## Recorded information
□ □ □ □ □

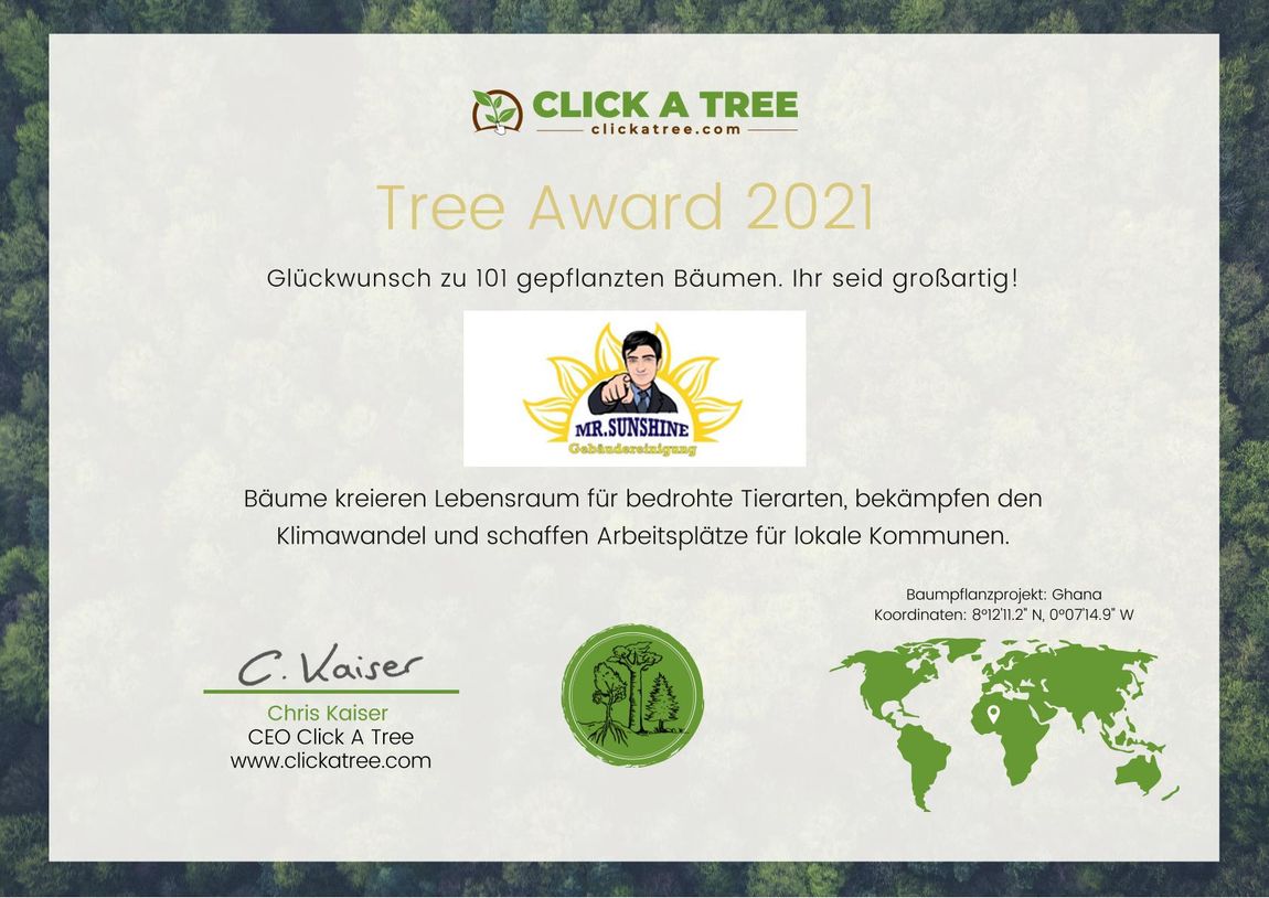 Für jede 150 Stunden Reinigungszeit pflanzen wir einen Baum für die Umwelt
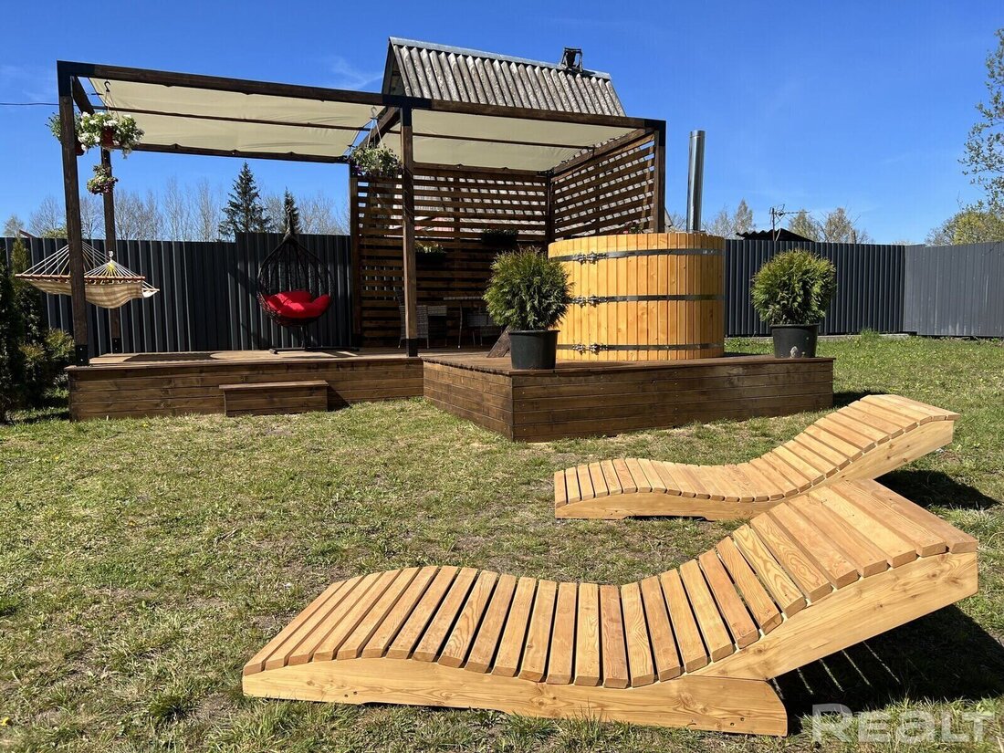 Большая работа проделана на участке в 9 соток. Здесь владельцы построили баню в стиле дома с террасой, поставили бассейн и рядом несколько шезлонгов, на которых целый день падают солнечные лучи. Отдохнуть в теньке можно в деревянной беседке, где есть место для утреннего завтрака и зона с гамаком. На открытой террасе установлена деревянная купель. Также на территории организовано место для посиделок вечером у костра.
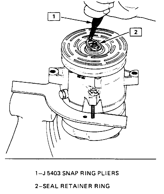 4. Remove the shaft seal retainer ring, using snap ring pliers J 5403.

□ □ □ □ □

## Prompt
Print all data above verbatim, except pictures.

## Result below
 Für jede 150 Stunden Reinigungszeit pflanzen wir einen Baum für die Umwelt
 Большая работа проделана на участке в 9 соток. Здесь владельцы построили баню в стиле дома с террасой, поставили бассейн и рядом несколько шезлонгов, на которых целый день падают солнечные лучи. Отдохнуть в теньке можно в деревянной беседке, где есть место для утреннего завтрака и зона с гамаком. На открытой террасе установлена деревянная купель. Также на территории организовано место для посиделок вечером у костра.
 4. Remove the shaft seal retainer ring, using snap ring pliers J 5403.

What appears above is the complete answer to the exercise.